*** Block opens ***

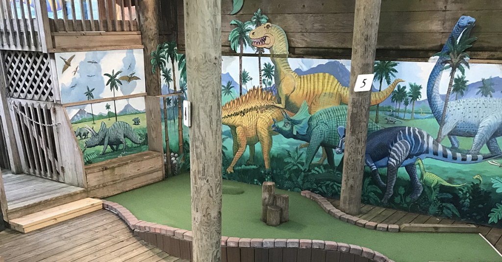 We had quite a time trying to get into Club 18 Miniature Golf; we tried one evening but realized a bit too late that they were cash only. By the time we got the cash, five other groups had started, so we decided to punt to another night. We went again later in the week, but it was a bustling Saturday night with a lot of kids around. So if you are someone who likes a more quiet game of mini golf, try going in the off hours as Club 18 is definitely a popular spot! The theme at Club18 is dinosaur-adjacent, but we must compliment the paintings and murals around their facility; it definitely looks professional! We had a bit of difficulties with some of the greens as it looks like some of the hills are very sharp instead of sloped (see the bottom of the picture at right), which really affected some of our putts. However, the turf is very well maintained. The three story structure is a really interesting environment, and the vine canopy over the first floor is definitely a really interesting touch.
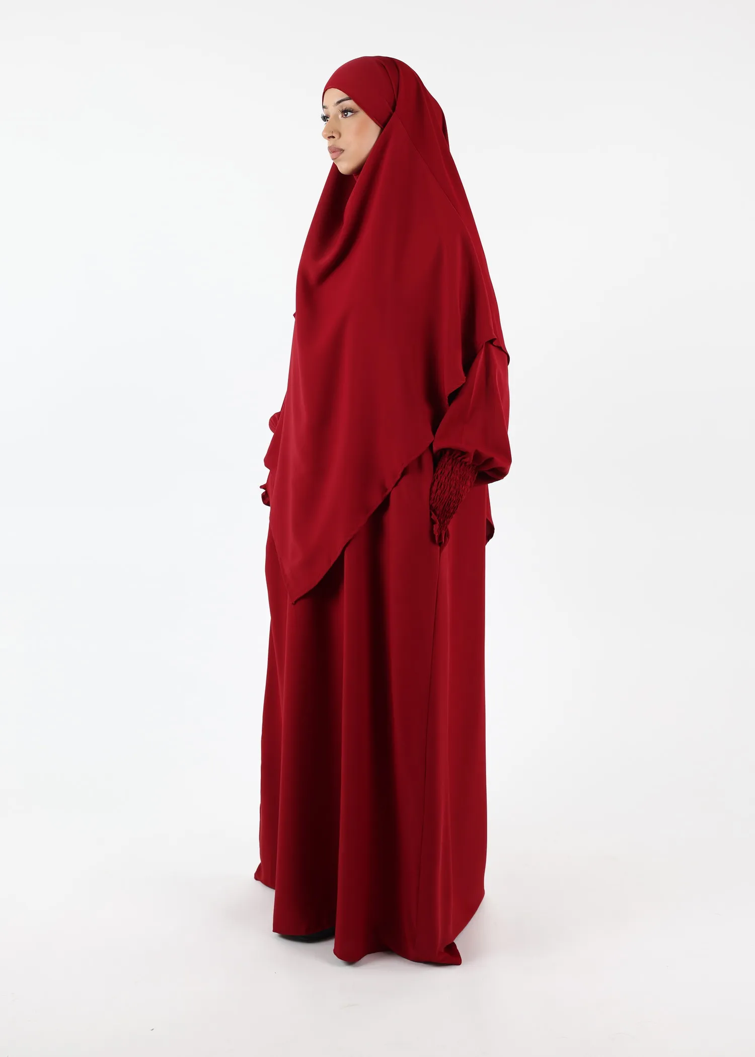 Be the first to review “Set Abaya and Khimar Ayla Medina – Dark Red”
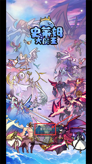 1、在【史莱姆大魔王】界面,可选择【重新开始】开启新进程,或点【继续游戏】接续之前进度,也能通过【合成】功能强化角色。
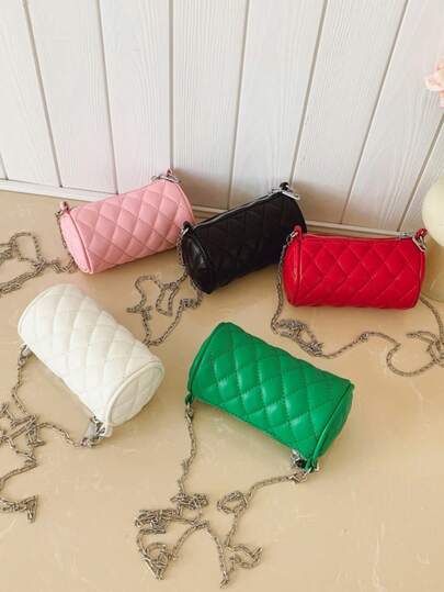 1pc Girls' Solid Color Diamond Quilted Embroidery PU Zipper Closure Simple Crossbody Bag, Suitable For Daily Use All Seasons - Pink - View 13
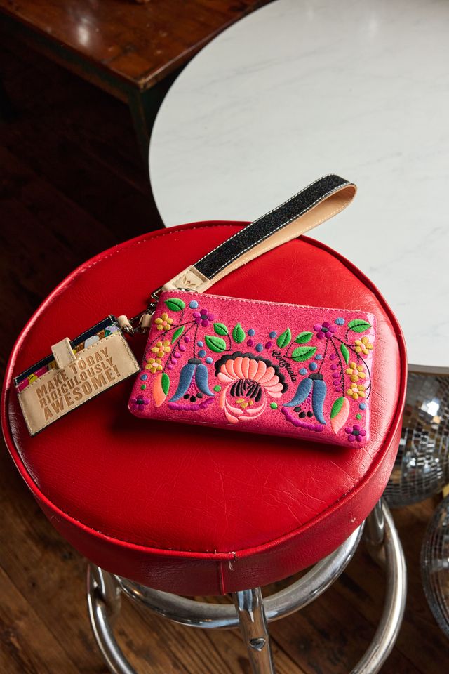 The Combi, a combination of on-the-go accessories, is a new way to carry your keys, cards, and the small stuff together or separately. This embroidered wristlet wallet includes a pocket pouch, secure card slot wallet and fits comfortably around your wrist.
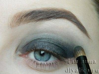 Всю тушёвку покрываем более тёмным серым оттенком. Нам необходимо добиться плавного перехода с чёрного цвета, на кожу. Так как макияж должен быть строго чёрным, то оттенки, в которые переходит чёрный при высветлении, будут все цвета серого. Тогда мы получим натуральный переход. Вместо серого мы можем использовать абсолютно любой цвет. Главное – создать подложку для чёрной дымки.
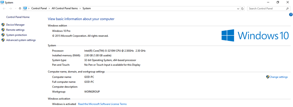 Running Windows 10 Pro on a 32 bit Operating System (specs shown below)
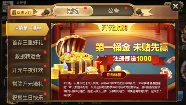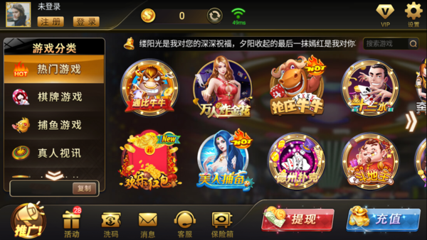 财神棋牌里一款非常流行的在线棋牌,切实有效地保护玩家隐私,火爆的游戏随时开启,保证了游戏的公平性,棋牌背景音乐经典悦耳,喜欢的玩家赶紧下载吧!
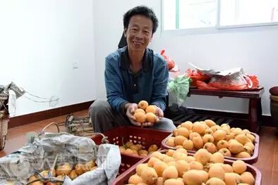 贵村,处处枇杷园,户户枇杷香!“这里是我们前年新种的10亩枇杷,目前一共种植管理30亩枇杷树。其中示范种植5亩“贵妃”品种,其余25亩种植“解放钟”“早钟”品种。”贵村党支部书记陈淑义如是说。陈淑义是蕉城区支提山枇杷产业协会负责人,也是九都贵村最大的枇杷种植户。今年,他收获了2000多公斤枇杷,按12元/公斤的价格来算,他的净收入可达到20000多元。在陈淑义的家里,他和家人正在将采摘下来的枇杷挨个挨个的挑出来并分箱装好。陈淑义说,目前枇杷正进入成熟采摘上市阶段,村民们正忙于采摘,部分游客也在枇杷园进行采摘和品尝。
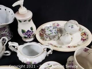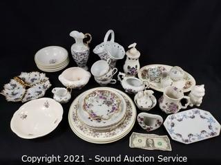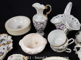 Lot #0318: Various Violet Floral Print Fine China
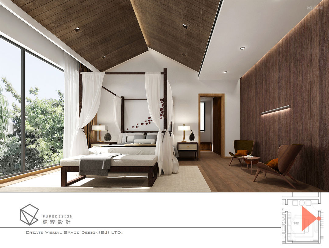 二层分成两个区域,公空空间设计成起居室和水吧区,同时兼顾阅读区的功能,从二层起居室可以通往楼顶天台。三个卧室套间设计有睡眠去,休闲区,衣帽间和卫生间,让在这里休息的人实用起来非常方便。其中两个卧室的功能更加强大,在卧室都增加了泡池和露台。
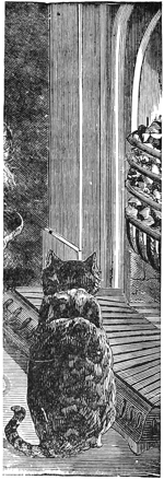 “One day—oh unhappy day! the next house cat’s mistress came to see my mistress, and they talked of cats. I lay outside under the open window and heard every word, and understood. Mistresses, as you very well know, dear Lady Yellow-paw—as all of you at this famous party very well know—mistresses have no idea how much their cats can understand.
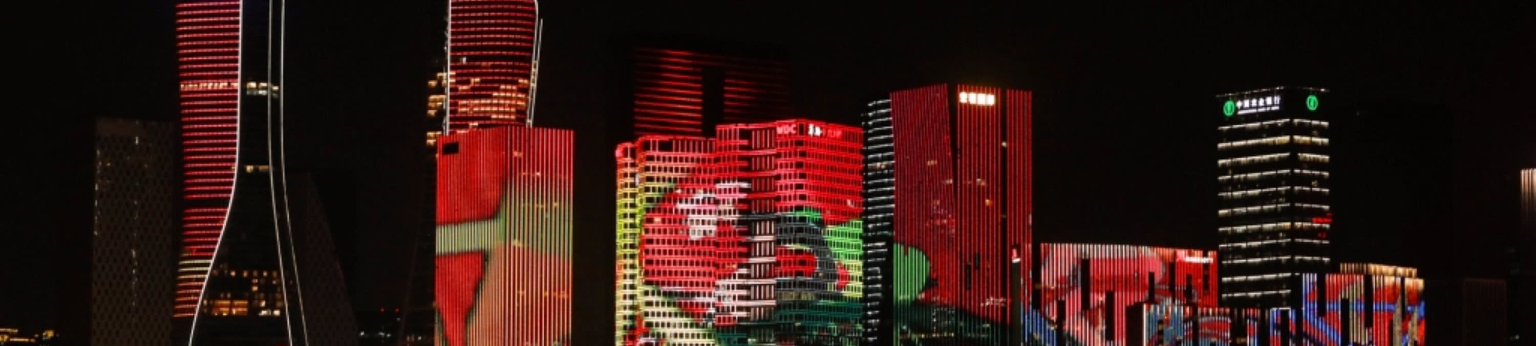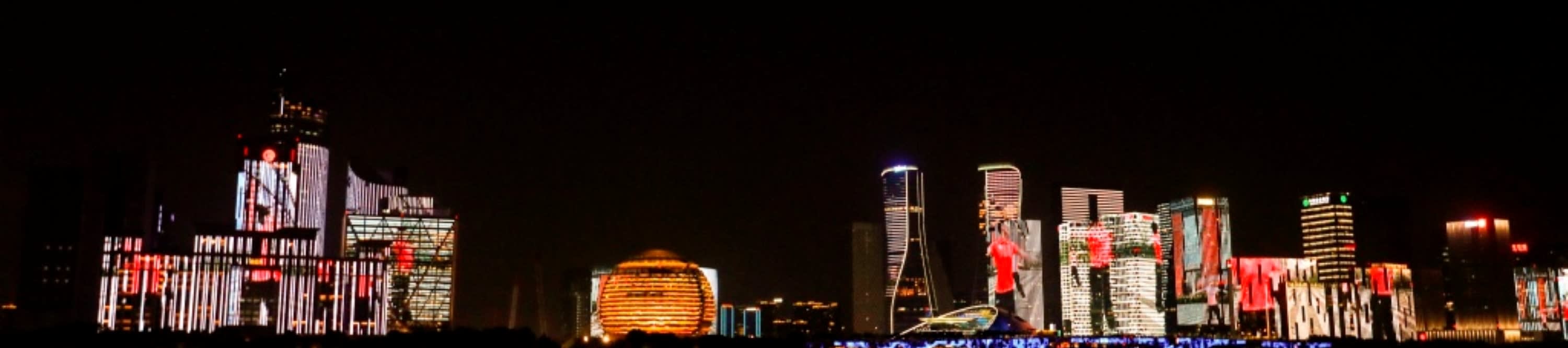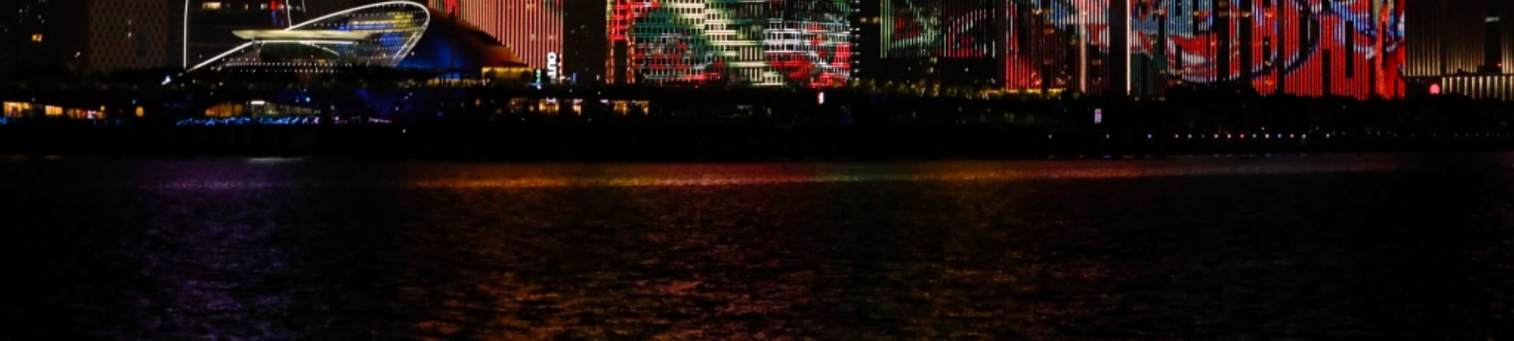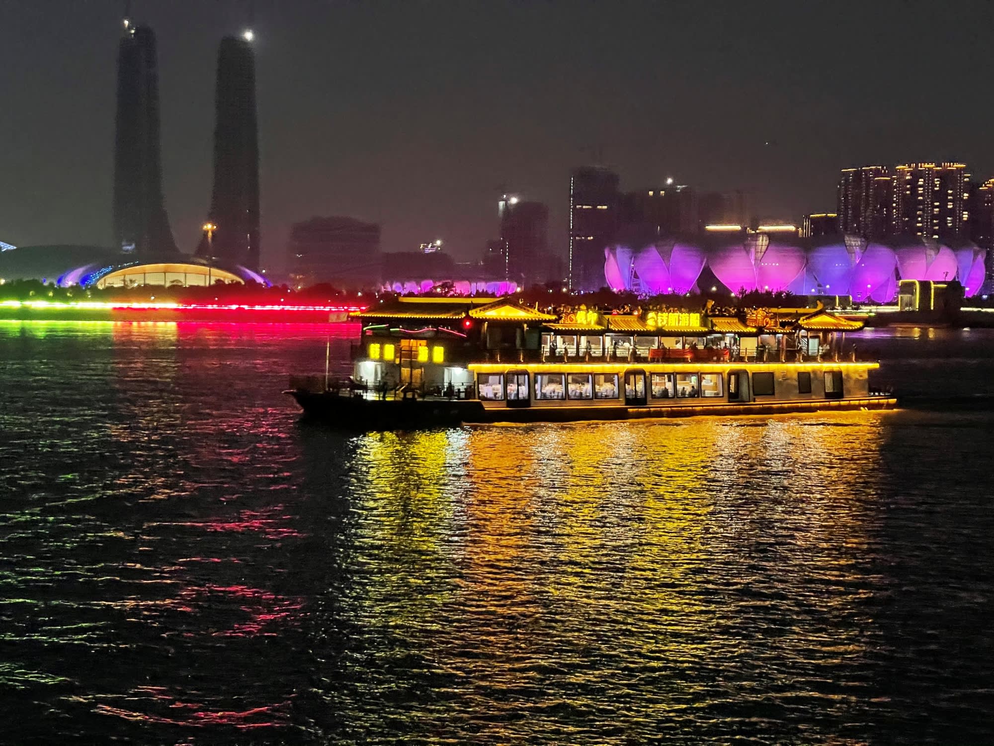 * 빈장 부두에서 배를 타고 첸장룽(钱江龙), 항저우인(杭州印), 시싱대교(西兴大桥), 올림픽 스포츠 센터(奥体中心), 첸장세기성(钱江世纪城) 등의 랜드마크를 지나며 첸장 신도시(钱江新城) 야경을 감상하고, 푸싱대교(复兴大桥)와 첸왕사차오(钱王射潮)를 멀리서 바라본 후 다시 부두로 돌아옵니다. 밤하늘 아래 강 양쪽 고층 건물과 네온사인이 어우러져 첸탕강(钱塘江)만의 독특한 풍경을 선사합니다.
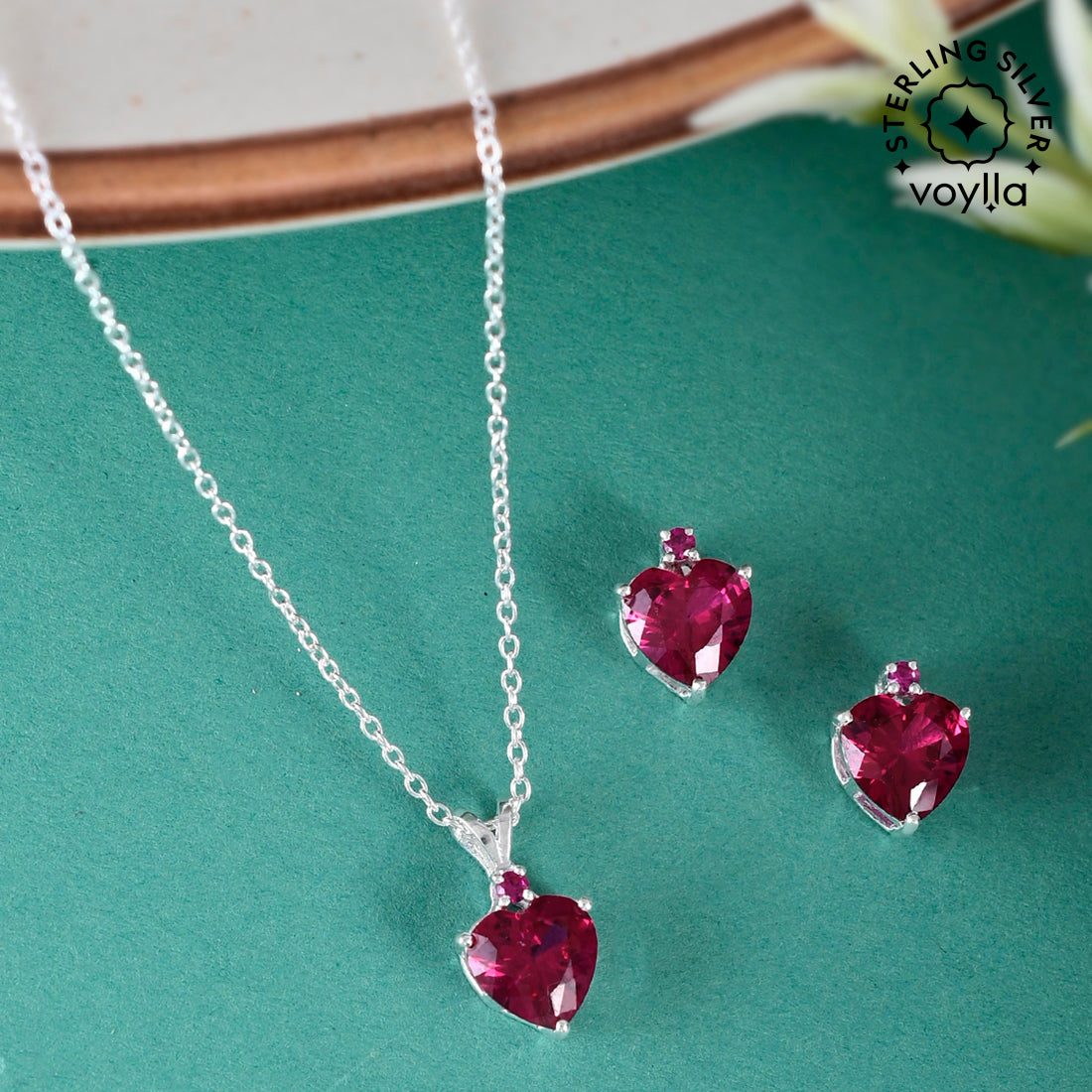 Beautiful 925 Sterling Silver Heart-Shape Pendant Set

*** Block closes ***

Directions for this task »
Your reply is to be an exact repeat of the listing above from the line holding "Running Windows 10" down to the line holding "二层分成两个区域,公空空间设", ends included, pictures excluded.

Your response »
 Running Windows 10 Pro on a 32 bit Operating System (specs shown below)
 财神棋牌里一款非常流行的在线棋牌,切实有效地保护玩家隐私,火爆的游戏随时开启,保证了游戏的公平性,棋牌背景音乐经典悦耳,喜欢的玩家赶紧下载吧!
 贵村,处处枇杷园,户户枇杷香!“这里是我们前年新种的10亩枇杷,目前一共种植管理30亩枇杷树。其中示范种植5亩“贵妃”品种,其余25亩种植“解放钟”“早钟”品种。”贵村党支部书记陈淑义如是说。陈淑义是蕉城区支提山枇杷产业协会负责人,也是九都贵村最大的枇杷种植户。今年,他收获了2000多公斤枇杷,按12元/公斤的价格来算,他的净收入可达到20000多元。在陈淑义的家里,他和家人正在将采摘下来的枇杷挨个挨个的挑出来并分箱装好。陈淑义说,目前枇杷正进入成熟采摘上市阶段,村民们正忙于采摘,部分游客也在枇杷园进行采摘和品尝。
 Lot #0318: Various Violet Floral Print Fine China
 二层分成两个区域,公空空间设计成起居室和水吧区,同时兼顾阅读区的功能,从二层起居室可以通往楼顶天台。三个卧室套间设计有睡眠去,休闲区,衣帽间和卫生间,让在这里休息的人实用起来非常方便。其中两个卧室的功能更加强大,在卧室都增加了泡池和露台。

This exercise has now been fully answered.